Loose with time, shot through with long sequences of arrocha funk and ’90s Brazilian rap, and filmed primarily at night, Dry Ground Burning is an ethnographic documentary, a feminist Western, and an alternately dystopian and utopian political hallucination. Filmed in the Sol Nascente neighborhood of the sprawling city Ceilândia, Dry Ground Burning follows “The Gasolinera” Chitara (Joana Darc Furtado) as she builds a DIY oil refinery, pulling from a pipeline that runs under their neighborhood. Partnering with her half-sister Léa, recently released from prison (the magnetic Léa Alves da Silva), Andreia (Andreia Vieira), and a group of other local women, Chitara sells the gasoline to male motorcyclists at a discount. All of this is illegal, as is much of the social life of this community living under the shadow of authoritarianism: the oil is hacked from the pipeline, the motorcyclist deliverymen are outlawed, and Sol Nascente has been forced under a 9 p.m. curfew, defied by every late-night performance of Banda Muleka 100 Calcinha (100 Panties), who pull up in a trailer to start a mobile party.
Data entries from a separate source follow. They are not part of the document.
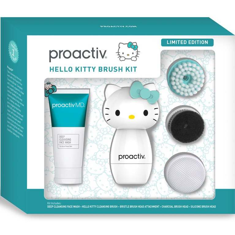 Cụ thể, Proactiv sẽ bắt tay với Sanrio để cho ra đời một bộ sản phẩm chăm sóc da mặt gồm một máy rửa mặt (với thiết kế Hello Kitty vô cùng đáng yêu và dễ thương), đi kèm theo đó là ba đầu cọ rửa để người dùng có thể thoải mái lựa chọn cho những mục đích chăm sóc da khác nhau: Đầu silicon để tẩy da chết, đầu sợi tổng hợp than đen làm trắng da, đầu cọ lông mềm để rửa sạch sâu. Bộ sản phẩm còn có thêm một hộp sữa rửa mặt ngừa mụn đi kèm.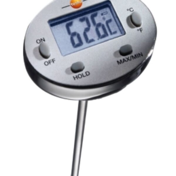 Praktyczny, a zarazem solidny, wodoodporny minitermometr, który po użyciu np. do punktowego pomiaru temperatury w produkcji żywności można po prostu umyć pod bieżącą wodą, a nawet w zmywarce do naczyń. Wyposażony jest w czytelny wyświetlacz LCD, sondę o długości 120 mm i funkcję HOLD, dzięki której wynik pomiaru jest zapamiętywany na wyświetlaczu, oraz przycisk MAX/MIN wskazujący progi pomiarowe. Idealny do wielu zastosowań - w powietrzu oraz w miękkich lub proszkowanych substancjach i w płynach.Typ baterii: guzikowa LR44. Zakres pomiarowy: -20 do +230 °C.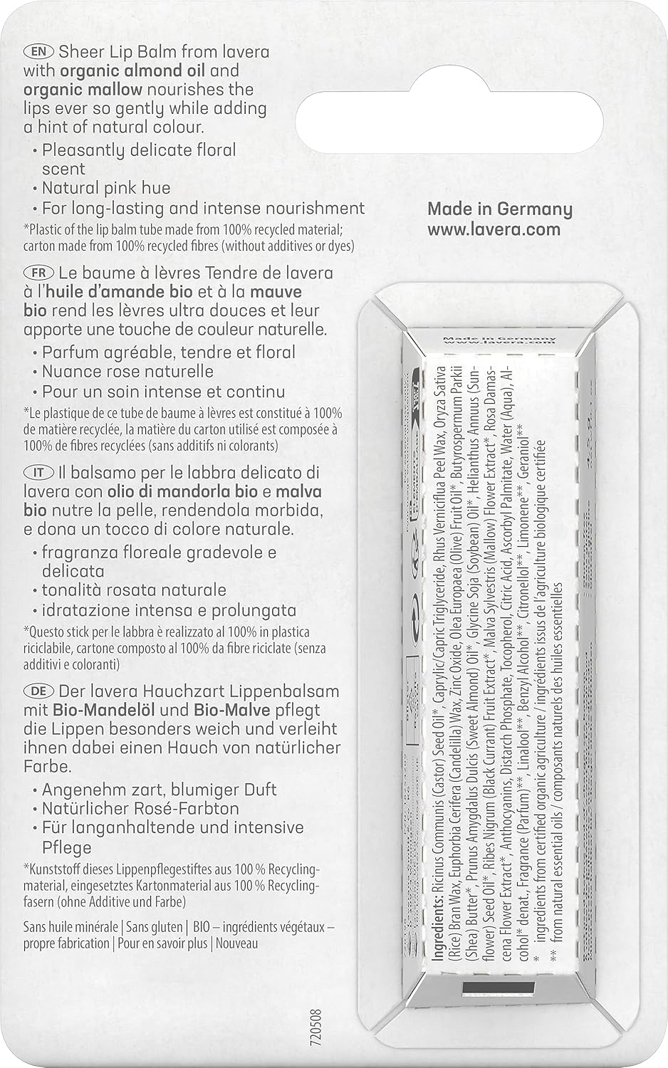 Lavera Organic Sheer Lip Balm New 0.18 oz

Adirley Quierós grew up in Ceilândia, lives there, and has set all of his films to date in its neighborhoods. It is worth noting that the city was “created” in 1971 when the workers who built the modernist, Oscar Neimeyer–designed city of Brasilia, the seat of Brazil’s government, were upon its completion forcibly displaced from its outskirts out into the desert. (Its name derives from CEI: Campaign to Eradicate Invaders—the “invaders,” of course, being the workers who built the place.)
Made in close collaboration with its non-professional actors, whose lives and conversations form the paths the film follows, Dry Ground Burning is a blueprint for a reimagination of a cinema of incarceration. Between working at the oil facility at night and brick-making by day, Andreia also runs for local office under the newly-formed Prison People’s Party, a political organization developed together by the film crew and their collaborators, for which they collected signatures, held community meetings and rallies, and gathered organic support. Andreia campaigns under a platform to secure basic services like sewage, end the curfew, and restore rights to the incarcerated and their families. (The Bolsonaro-supported candidate ultimately won.)
Much of Dry Ground Burning is revealed in long conversations between women, and is a potent, stick-in-the-eye documentation of the power of the circulation of stories—in their own hyper-specific regional slang, through music, between generations across a kitchen table, and most crucially, in the transmission of updates and legends passed both between women in jail and to their friends and family on the outside.
All of that can be much better stated by rapper Mente Consciente, whose track “DF Faroeste” scores a late sequence of Léa riding a motorbike through the dust: “Good fucking people tell their story by the fire.” The fire, in this case, being a police vehicle, stripped of its parts, doused in stolen gasoline, and set aflame.
Dry Ground Burning screens this evening, January 14, at the Museum of Modern Art as part of the series “The Contenders 2022.”